After locating the line with "white, of course!" below, output it and each following line exactly, stopping after the line with "You now have". No pictures.

[Data items]
====================
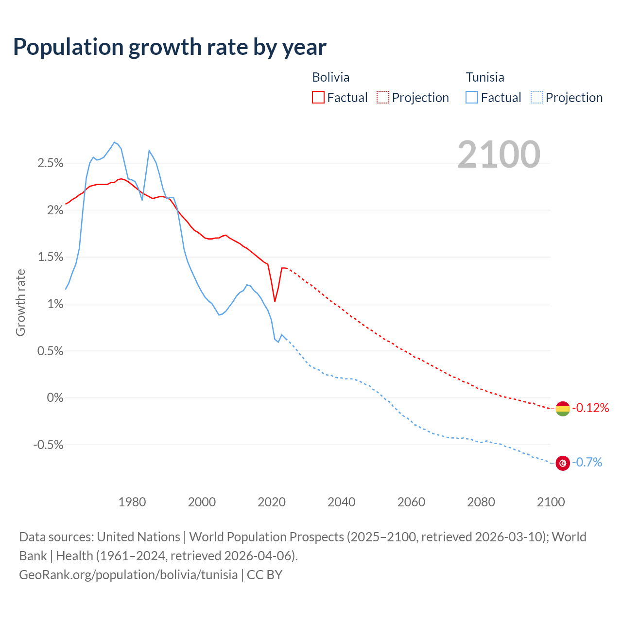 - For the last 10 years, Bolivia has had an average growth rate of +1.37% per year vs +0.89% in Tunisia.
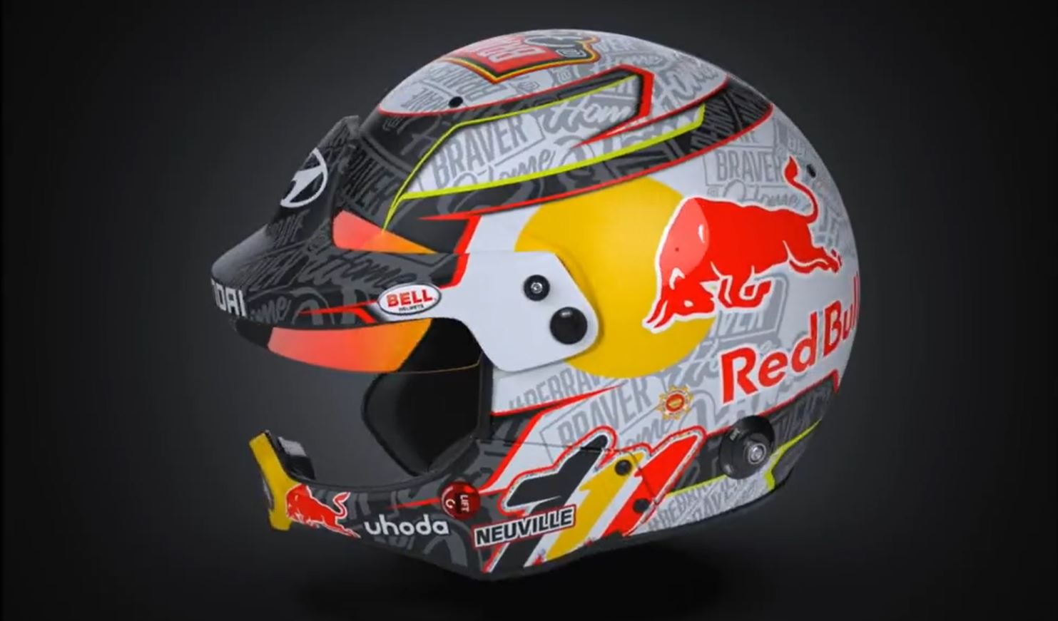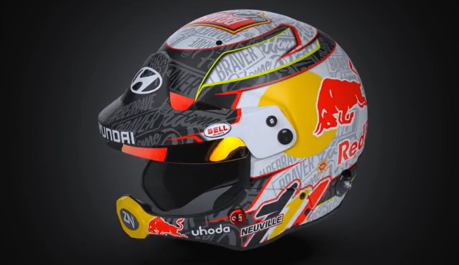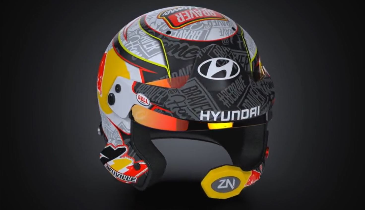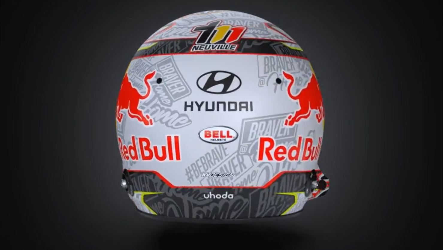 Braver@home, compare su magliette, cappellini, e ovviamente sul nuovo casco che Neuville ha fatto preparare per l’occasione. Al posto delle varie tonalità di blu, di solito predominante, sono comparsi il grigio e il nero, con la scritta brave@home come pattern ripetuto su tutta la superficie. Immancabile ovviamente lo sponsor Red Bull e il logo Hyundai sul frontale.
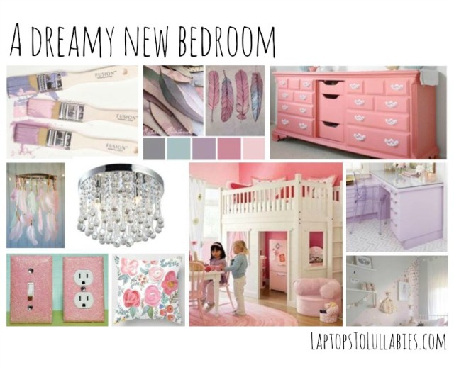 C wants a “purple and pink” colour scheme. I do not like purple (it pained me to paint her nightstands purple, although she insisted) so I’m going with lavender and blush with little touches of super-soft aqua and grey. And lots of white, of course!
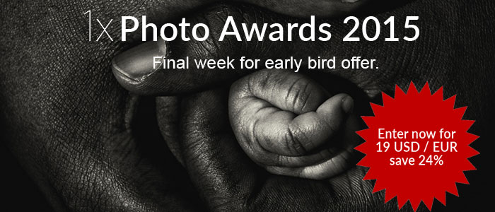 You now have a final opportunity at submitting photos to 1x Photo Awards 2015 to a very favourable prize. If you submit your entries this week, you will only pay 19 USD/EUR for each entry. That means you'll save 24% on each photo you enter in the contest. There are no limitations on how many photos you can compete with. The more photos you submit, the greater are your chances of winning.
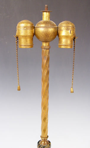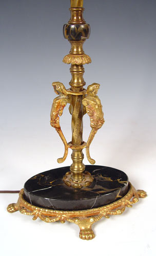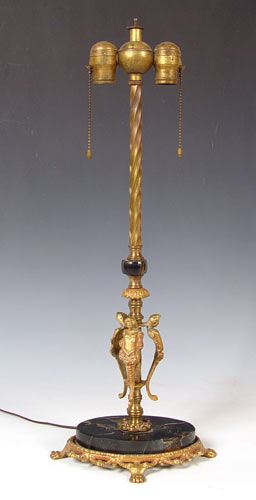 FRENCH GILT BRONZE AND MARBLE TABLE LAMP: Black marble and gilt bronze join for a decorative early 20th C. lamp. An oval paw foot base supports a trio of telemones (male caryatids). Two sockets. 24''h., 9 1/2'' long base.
====================
* _Answer_:
 C wants a “purple and pink” colour scheme. I do not like purple (it pained me to paint her nightstands purple, although she insisted) so I’m going with lavender and blush with little touches of super-soft aqua and grey. And lots of white, of course!
 You now have a final opportunity at submitting photos to 1x Photo Awards 2015 to a very favourable prize. If you submit your entries this week, you will only pay 19 USD/EUR for each entry. That means you'll save 24% on each photo you enter in the contest. There are no limitations on how many photos you can compete with. The more photos you submit, the greater are your chances of winning.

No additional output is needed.